• **What you have to do**: Exclude the pictures, then restate every entry below exactly.

Information supplied Start Marker

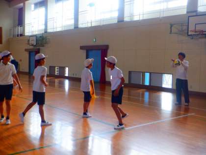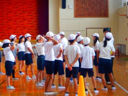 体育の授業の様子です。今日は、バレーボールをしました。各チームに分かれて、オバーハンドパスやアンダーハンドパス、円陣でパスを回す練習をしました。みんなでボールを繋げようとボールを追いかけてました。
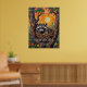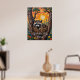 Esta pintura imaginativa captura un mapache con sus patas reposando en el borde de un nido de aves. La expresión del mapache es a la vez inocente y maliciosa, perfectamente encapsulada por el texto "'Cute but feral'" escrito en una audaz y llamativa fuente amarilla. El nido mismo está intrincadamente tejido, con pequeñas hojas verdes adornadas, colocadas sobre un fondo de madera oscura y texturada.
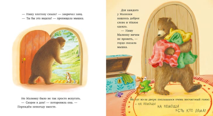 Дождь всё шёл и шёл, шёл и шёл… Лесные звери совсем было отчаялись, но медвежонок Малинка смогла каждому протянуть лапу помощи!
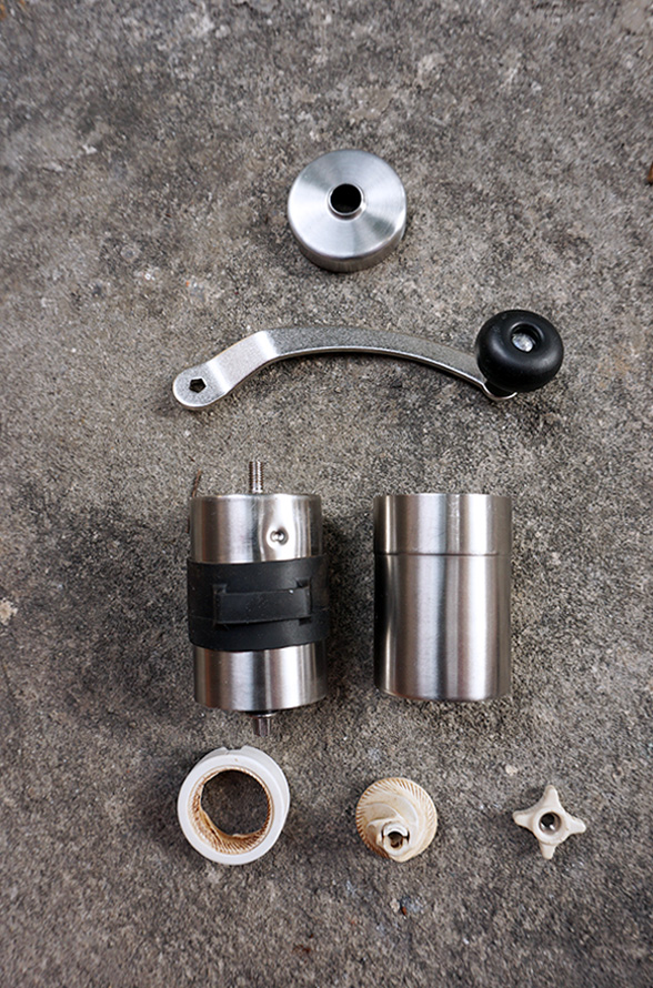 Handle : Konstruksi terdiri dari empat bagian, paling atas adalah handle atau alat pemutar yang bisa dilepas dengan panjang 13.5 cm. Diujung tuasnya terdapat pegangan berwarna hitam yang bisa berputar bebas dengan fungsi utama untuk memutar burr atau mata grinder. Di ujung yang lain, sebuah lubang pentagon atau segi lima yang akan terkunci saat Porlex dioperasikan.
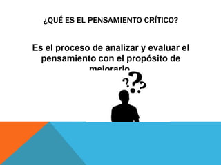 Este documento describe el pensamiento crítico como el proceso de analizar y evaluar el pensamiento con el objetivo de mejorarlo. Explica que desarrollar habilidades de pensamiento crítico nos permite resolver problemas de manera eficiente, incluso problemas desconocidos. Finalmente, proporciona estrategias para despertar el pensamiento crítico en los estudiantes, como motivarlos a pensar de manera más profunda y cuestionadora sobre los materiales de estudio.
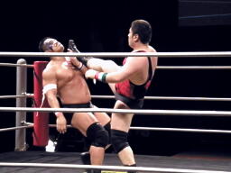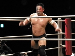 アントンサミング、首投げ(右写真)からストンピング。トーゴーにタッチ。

Information supplied End Marker

• **Written answer**:
 体育の授業の様子です。今日は、バレーボールをしました。各チームに分かれて、オバーハンドパスやアンダーハンドパス、円陣でパスを回す練習をしました。みんなでボールを繋げようとボールを追いかけてました。
 Esta pintura imaginativa captura un mapache con sus patas reposando en el borde de un nido de aves. La expresión del mapache es a la vez inocente y maliciosa, perfectamente encapsulada por el texto "'Cute but feral'" escrito en una audaz y llamativa fuente amarilla. El nido mismo está intrincadamente tejido, con pequeñas hojas verdes adornadas, colocadas sobre un fondo de madera oscura y texturada.
 Дождь всё шёл и шёл, шёл и шёл… Лесные звери совсем было отчаялись, но медвежонок Малинка смогла каждому протянуть лапу помощи!
 Handle : Konstruksi terdiri dari empat bagian, paling atas adalah handle atau alat pemutar yang bisa dilepas dengan panjang 13.5 cm. Diujung tuasnya terdapat pegangan berwarna hitam yang bisa berputar bebas dengan fungsi utama untuk memutar burr atau mata grinder. Di ujung yang lain, sebuah lubang pentagon atau segi lima yang akan terkunci saat Porlex dioperasikan.
 Este documento describe el pensamiento crítico como el proceso de analizar y evaluar el pensamiento con el objetivo de mejorarlo. Explica que desarrollar habilidades de pensamiento crítico nos permite resolver problemas de manera eficiente, incluso problemas desconocidos. Finalmente, proporciona estrategias para despertar el pensamiento crítico en los estudiantes, como motivarlos a pensar de manera más profunda y cuestionadora sobre los materiales de estudio.
 アントンサミング、首投げ(右写真)からストンピング。トーゴーにタッチ。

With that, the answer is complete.